International Contemporary Ensemble Announces Commissions in “Call for ____” Program

June 22, 2021 | By Katy Salomon
Account Director, Morahan Arts and Media


 

FOR IMMEDIATE RELEASE
PR Contact: 
Katy Salomon | Morahan Arts and Media
katy@morahanartsandmedia.com | 863.660.2214


International Contemporary Ensemble Announces
Commissions in “Call for ____” Program

 

www.iceorg.org 
 

New York, NY (June 22, 2021) — After a two-month review process, the International Contemporary Ensemble has selected eight artists for their Call for ____ Commission Program from a pool of over 400 submissions. Lesley Mok, Kevin Ramsay, Mazz Swift, and Chris Ryan Williams will work with the Ensemble in the 2021-2023 seasons. Sandra Kluge, Bonita Oliver, Cleo Reed, and Sylvain Souklaye will work with the Ensemble in the 2022-2024 seasons. Each artist will receive the support of Ensemble musicians, rehearsal time, video and audio documentation, marketing support, and a paid commission all alongside performances of their pieces created with the Ensemble. 

The International Contemporary Ensemble has had a long history of collaboration with artists as well as calls for proposals and scores.

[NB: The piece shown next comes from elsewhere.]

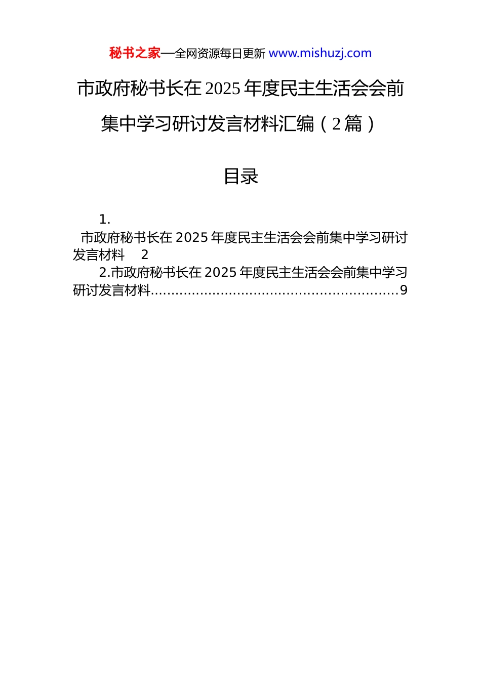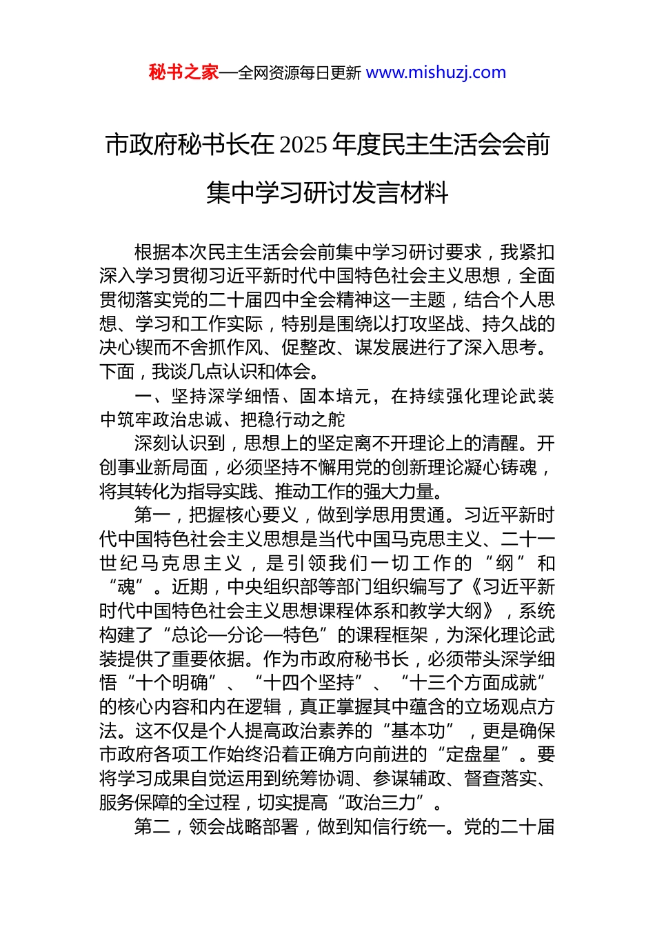 秘书之家—全网资源每日更新 www.mishuzj.com市政府秘书长在 2025 年度民主生活会会前集中学习研讨发言材料汇编(2 篇)目录1.市政府秘书长在 2025 年度民主生活会会前集中学习研讨发言材料22.市政府秘书长在 2025 年度民主生活会会前集中学习研讨发言材料............................................................9秘书之家—全网资源每日更新 www.mishuzj.com市政府秘书长在 2025 年度民主生活会会前集中学习研讨发言材料根据本次民主生活会会前集中学习研讨要求,我紧扣深入学习贯彻习近平新时代中国特色社会主义思想,全面贯彻落实党的二十届四中全会精神这一主题,结合个人思想、学习和工作实际,特别是围绕以打攻坚战、持久战的决心锲而不舍抓作风、促整改、谋发展进行了深入思考。下面,我谈几点认识和体会。一、坚持深学细悟、固本培元,在持续强化理论武装中筑牢政治忠诚、把稳行动之舵深刻认识到,思想上的坚定离不开理论上的清醒。开创事业新局面,必须坚持不懈用党的创新理论凝心铸魂,将其转化为指导实践、推动工作的强大力量。第一,把握核心要义,做到学思用贯通。习近平新时代中国特色社会主义思想是当代中国马克思主义、二十一世 纪 马 克 思 主 义 , 是 引 领 我 们 一 切 工 作 的 “ 纲 ” 和“魂”。近期,中央组织部等部门组织编写了《习近平新时代中国特色社会主义思想课程体系和教学大纲》,系统构建了“总论—分论—特色”的课程框架,为深化理论武装提供了重要依据。作为市政府秘书长,必须带头深学细悟“十个明确”、“十四个坚持”、“十三个方面成就”的核心内容和内在逻辑,真正掌握其中蕴含的立场观点方法。这不仅是个人提高政治素养的“基本功”,更是确保市政府各项工作始终沿着正确方向前进的“定盘星”。要将学习成果自觉运用到统筹协调、参谋辅政、督查落实、服务保障的全过程,切实提高“政治三力”。第二,领会战略部署,做到知信行统一。党的二十届秘书之家—全网资源每日更新 www.mishuzj.com四中全会为国家“十五五”时期发展擘画了宏伟蓝图。全会精神与总书记对内蒙古的重要讲话重要指示精神一脉相承,是我们谋划推进乌兰察布未来发展的总遵循。必须站在坚定捍卫“两个确立”、坚决做到“两个维护”的政治高度来学习领会。要深刻把握党中央关于当前形势的重大判断和关于推动高质量发展、深化改革开放、推进共同富裕等一系列战略任务。对于市政府办公厅而言,就是要紧紧围绕全会《建议》部署,自觉将其与乌兰察布发展实际紧密结合,将“十五五”规划建议中确定的各项目标任务,转化为我们起草文件、筹办会议、协调事务、推动落实的具体行动,确保党中央决策部署和自治区党委、市委工作要求不折不扣落地生根。第三,聚焦主责主业,提升服务效能。理论的价值在于指导实践。省政府办公厅提出要践行“五个坚持”,锚定“做得最好”标准,有效发挥“三服务”职能。这为我们树立了标杆。学习创新理论和全会精神,最终要落到“干”字上。我们必须聚焦市政府中心工作和全市发展大局,把学习成效转化为谋划工作的思路、破解难题的办法和推动发展的实效。要着力提升统筹协调的系统性、参谋服务的精准性、督促检查的实效性和服务保障的规范性,以高质量的政务运转服务保障全市高质量发展。二、保持战略定力、常抓不懈,以打攻坚战持久战的决心推进作风建设常态化长效化作风建设关系事业成败、人心向背。必须清醒认识到,“四风”问题具有顽固性、反复性,决不能有松劲歇脚、疲劳厌战的情绪。第一,树立“经常抓、深入抓、持久抓”的鲜明导向。中央党的建设工作领导小组会议强调,要牢固树立经常抓、深入抓、持久抓的思想观念。这要求我们必须克服“一阵风”思想,将作风建设深度融入日常工作和管理。要像江苏省常熟市等地那样,坚持经常性教育与集中性教秘书之家—全网资源每日更新 www.mishuzj.com育相结合,把作风要求贯穿于干部教育、管理、监督各环节。市政府办公厅作为中枢机关,作风形象具有风向标意义,必须标准更高、要求更严,带头弘扬勤勉务实、廉洁高效的新风正气。第二,紧盯“关键少数”和突...

Throughout this past year, the Ensemble sought out new ways to make the process more inviting to welcome as many applicants as possible. After holding an open forum in October 2020 which was focused on how to make calls for works more inclusive and to reimagine the open call process, there was an overwhelming desire to humanize the process and hone in on collaborating with artists. The Ensemble took feedback from this forum to build a new submission form. 

"Our annual call for works became a broader invitation to collaborate with the Ensemble, open to creators from any discipline,” says Artistic Director Ross Karre. “We are thrilled to work with these eight artists over the next few years. Their work will help to expand the boundaries of our collective artistic practice. Their selection by the panel is a welcome byproduct of moving away from restricting identifiers such as composer, improviser, sound artist, performer, etc, understanding that many creative artists work across and in-between these markers. We focused more on asking about artists’ goals, their practice, and how they can expand their work with our organization.” 

"There were so many extraordinary submissions to the program this year,” says Executive Director Jennifer Kessler. “We hope to get to know more about all of the applicants. All of us at the International Contemporary Ensemble are excited to work with these eight incredible artists over the next two seasons.” 

Review panelists included Alice Teyssier, Nuiko Wadden, David Byrd-Marrow, and Darius Jones. Read more about the winners below. Two artists from each cohort are supported through a generous partnership with the Jerome Foundation.

2021-2023 Season Commissions

Lesley Mok – Drummer, Composer, and Improviser (she/her/hers)
Lesley Mok 
is a drummer, composer, and improviser based in Brooklyn, NY. Interested in the ways social conditions shape our beings, Lesley’s work focuses on transposing, augmenting, and overacting humanness to explore ideas about normalcy, alienness, and privilege. She explores this by writing in a way that subverts traditional instrumental roles, often utilizing extreme ranges and unconventional timbres, while creating a context that allows for simultaneously different musical perspectives. By maintaining an agile and improvisatory approach, Lesley creates fantastical and evocative sound worlds through the use of dissonance.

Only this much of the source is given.